RULING: YES. As can be gleaned under Sections 6 and 18 of the Corporation Law, the name of
a corporation is peculiarly important as necessary to the very existence of a corporation. The
general rule as to corporations is that each corporation shall have a name by which it is to sue
and be sued and do all legal acts. The name of a corporation in this respect designates the
corporation in the same manner as the name of an individual designates the person." Since an
individual has the right to change his name under certain conditions, there is no compelling
reason why a corporation may not enjoy the same right. There is nothing sacrosanct in a name
when it comes to artificial beings. The sentimental considerations which individuals attach to
their names are not present in corporations and partnerships. Of course, as in the case of an
individual, such change may not be made exclusively. by the corporation's own act. It has to
follow the procedure prescribed by law for the purpose; and this is what is important and
indispensably prescribed — strict adherence to such procedure.
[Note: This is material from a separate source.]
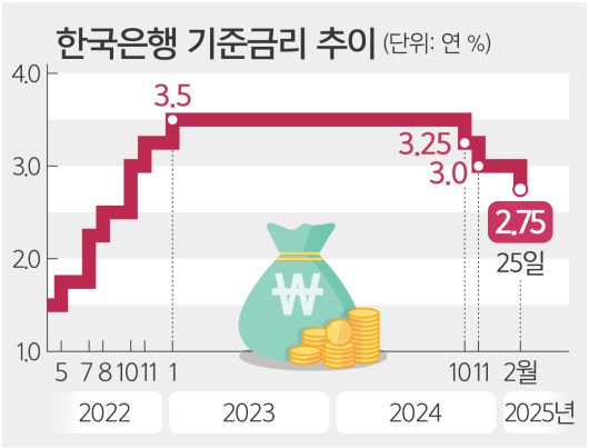 이후 비상계엄과 윤석열 대통령 탄핵 사태로 소비·투자 등 내수 위축 우려가 더 커지자 3연속 인하를 통한 경기 부양을 촉구하는 목소리도 높았다. 하지만 원·달러 환율이 1480원대로 급등하자 1월에는 금리를 동결하며 숨 고르기에 나섰다.

A general power to alter or amend the charter of a corporation necessarily includes the
power to alter the name of the corporation. Hence, a mere change in the name of a
corporation, either by the legislature or by the corporators or stockholders under legislative
authority, does not, generally speaking, affect the identity of the corporation, nor in any way
affect the rights, privileges, or obligations previously acquired or incurred by it. Indeed, it has
been said that a change of name by a corporation has no more effect upon the identity of the
corporation than a change of name by a natural person has upon the identity of such person.
The corporation, upon such change in its name, is in no sense a new corporation, nor the
successor of the original one, but remains and continues to be the original corporation. It is the
same corporation with a different name, and its character is in no respect changed. ... (6
Fletcher, Cyclopedia of the Law of Private Corporations, 224-225, citing cases.)
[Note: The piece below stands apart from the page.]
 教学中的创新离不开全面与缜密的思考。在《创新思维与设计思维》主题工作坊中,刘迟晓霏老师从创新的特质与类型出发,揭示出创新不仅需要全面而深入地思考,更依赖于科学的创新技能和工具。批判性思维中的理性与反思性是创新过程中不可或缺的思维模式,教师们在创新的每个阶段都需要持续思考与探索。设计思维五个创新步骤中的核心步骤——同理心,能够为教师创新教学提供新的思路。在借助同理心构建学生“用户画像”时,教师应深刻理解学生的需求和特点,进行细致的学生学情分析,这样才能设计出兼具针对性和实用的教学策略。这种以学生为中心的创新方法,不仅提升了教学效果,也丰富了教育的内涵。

As correctly pointed out by appellant, the approval by the stockholders of the
amendment of its articles of incorporation changing the name "The Yek Tong Lin Fire & Marine
Insurance Co., Ltd." to "Philippine First Insurance Co., Inc." on March 8, 1961, did not
automatically change the name of said corporation on that date. To be effective, Section 18 of
the Corporation Law, earlier quoted, requires that "a copy of the articles of incorporation as
amended, duly certified to be correct by the president and the secretary of the corporation and
a majority of the board of directors or trustees, shall be filed with the Securities & Exchange
Commissioner", and it is only from the time of such filing, that "the corporation shall have the
same powers and it and the members and stockholders thereof shall thereafter be subject to
the same liabilities as if such amendment had been embraced in the original articles of
incorporation." It goes without saying then that appellant rightly acted in its old name when on
May 15, 1961, it entered into the indemnity agreement, Annex A, with the defendant-appellees;
for only after the filing of the amended articles of incorporation with the Securities & Exchange
Commission on May 26, 1961, did appellant legally acquire its new name; and it was perfectly
right for it to file the present case In that new name on December 6, 1961. Such is, but the
logical effect of the change of name of the corporation upon its actions.
Therefore, actions brought by a corporation after it has changed its name should be
brought under the new name although for the enforcement of rights existing at the time the
change was made. The change in the name of the corporation does not affect its right to bring
an action on a note given to the corporation under its former name.